EXERCISE INPUTS: Begin

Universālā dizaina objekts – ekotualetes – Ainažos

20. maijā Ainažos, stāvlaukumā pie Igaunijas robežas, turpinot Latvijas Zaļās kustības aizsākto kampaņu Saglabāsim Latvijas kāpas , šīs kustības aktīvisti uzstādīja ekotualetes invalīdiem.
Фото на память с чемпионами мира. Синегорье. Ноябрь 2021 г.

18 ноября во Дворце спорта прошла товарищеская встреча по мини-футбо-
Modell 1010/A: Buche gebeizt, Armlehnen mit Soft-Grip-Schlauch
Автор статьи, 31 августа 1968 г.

EXERCISE INPUTS: End
EXERCISE INPUTS: Begin

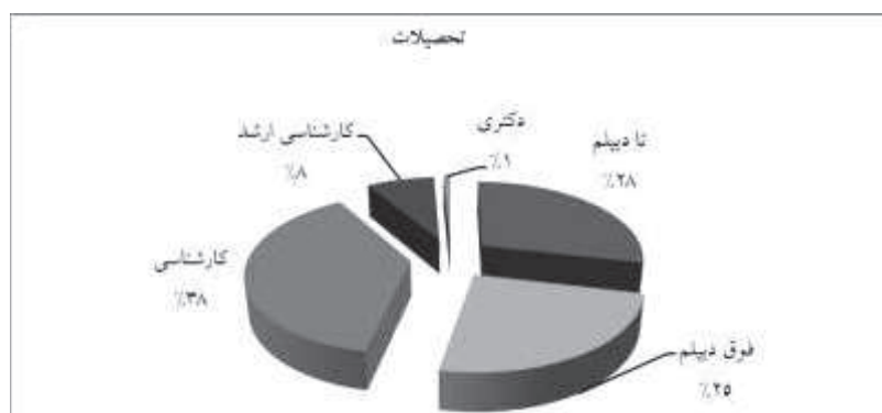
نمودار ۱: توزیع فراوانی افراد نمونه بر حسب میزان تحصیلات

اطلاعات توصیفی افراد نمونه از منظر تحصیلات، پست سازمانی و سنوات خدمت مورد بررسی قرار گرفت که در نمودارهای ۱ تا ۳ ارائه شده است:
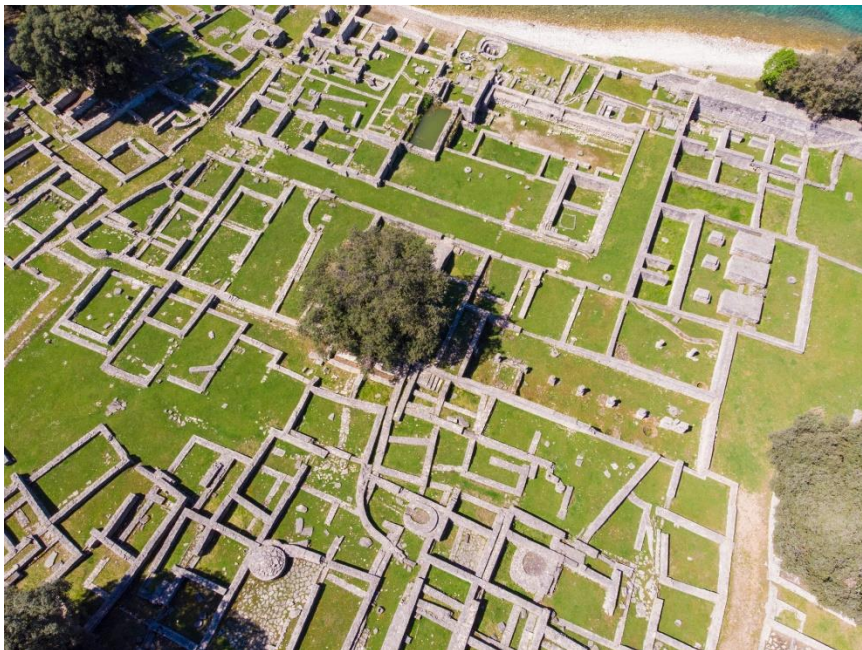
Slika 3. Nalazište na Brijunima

EXERCISE INPUTS: End

= DIRECTIONS =
Copy verbatim, from the listing above, each line from the one containing "18 ноября во" down to the one containing "Автор статьи, 31 августа 1968 г.", inclusive.

= SOLUTION TO THIS PROBLEM =
18 ноября во Дворце спорта прошла товарищеская встреча по мини-футбо-
Modell 1010/A: Buche gebeizt, Armlehnen mit Soft-Grip-Schlauch
Автор статьи, 31 августа 1968 г.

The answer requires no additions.